Pathformer: Multi-scale Transformers with Adaptive Pathways for Time Series Forecasting

Peng Chen,Yingying Zhang,Yunyao Cheng,Yang Shu,Yihang Wang,Qingsong Wen,Bin Yang,Chenjuan Guo
2024-09-15
Abstract:Transformers for time series forecasting mainly model time series from limited or fixed scales, making it challenging to capture different characteristics spanning various scales. We propose Pathformer, a multi-scale Transformer with adaptive pathways. It integrates both temporal resolution and temporal distance for multi-scale modeling. Multi-scale division divides the time series into different temporal resolutions using patches of various sizes. Based on the division of each scale, dual attention is performed over these patches to capture global correlations and local details as temporal dependencies. We further enrich the multi-scale Transformer with adaptive pathways, which adaptively adjust the multi-scale modeling process based on the varying temporal dynamics of the input, improving the accuracy and generalization of Pathformer. Extensive experiments on eleven real-world datasets demonstrate that Pathformer not only achieves state-of-the-art performance by surpassing all current models but also exhibits stronger generalization abilities under various transfer scenarios. The code is made available at <a class="link-external link-https" href="https://github.com/decisionintelligence/pathformer" rel="external noopener nofollow">this https URL</a>.
Machine Learning
What problem does this paper attempt to address?

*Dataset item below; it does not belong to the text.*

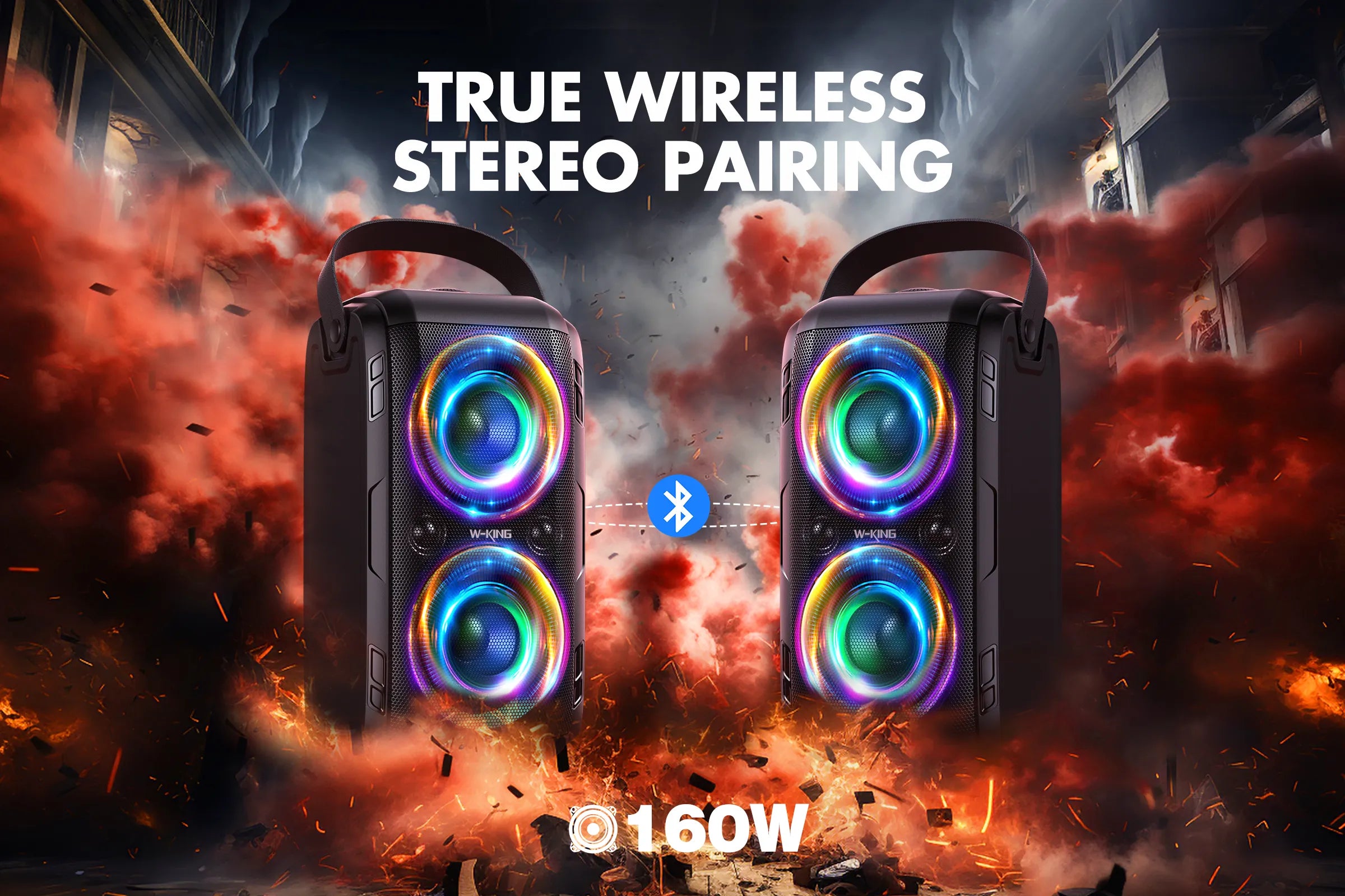 Synchronizujte dva reproduktory W-KING T9 cez Bluetooth a získajte priestorový zvuk s výkonom 160 W a 360° pokrytie zvukom. Táto funkcia je ideálna na veľké večierky, vonkajšie akcie alebo grilovačky na záhrade a vytvára koncertnú atmosféru, ktorá naplní každý kút vášho priestoru.

The problem that this paper attempts to solve is that in time - series prediction, existing Transformer models mainly model time - series from limited or fixed scales and it is difficult to capture features across different scales. Specifically, the paper points out that two main challenges limit the multi - scale modeling effect of Transformer in time - series prediction: 1. **Incompleteness of multi - scale modeling**: Merely changing the time resolution cannot explicitly and efficiently emphasize time - dependent relationships in different ranges. Although considering different time distances can model dependent relationships in different ranges (such as global and local correlations), these distances are affected by data partitioning and are incomplete from the perspective of a single time - resolution. 2. **Fixed multi - scale modeling process**: Different time - series may prefer different scales according to their specific time characteristics and dynamics. The fixed multi - scale modeling method uses the same scale for all data, which hinders the grasping of the key patterns of each time - series. Manual tuning of the optimal scale is both time - consuming and difficult to achieve. To solve these problems, the paper proposes **Pathformer**, which is a multi - scale Transformer model with an adaptive path. Pathformer addresses the above challenges in the following ways: - **Multi - scale Transformer block**: It combines the two perspectives of time resolution and time distance. Through multi - scale partitioning, the time - series is divided into fragments of different sizes, and a dual - attention mechanism (including intra - slice attention and inter - slice attention) is carried out based on the partitioning of each scale to capture time - dependent relationships. - **Adaptive path**: A multi - scale router is introduced to adaptively select specific fragment partition sizes and subsequent dual - attention mechanisms according to the input data, controlling the extraction of multi - scale features. The router works in coordination with the aggregator to combine multi - scale features through weighted aggregation. Through these designs, Pathformer not only achieves state - of - the - art prediction performance on multiple real - world datasets but also shows stronger generalization ability in various transfer scenarios.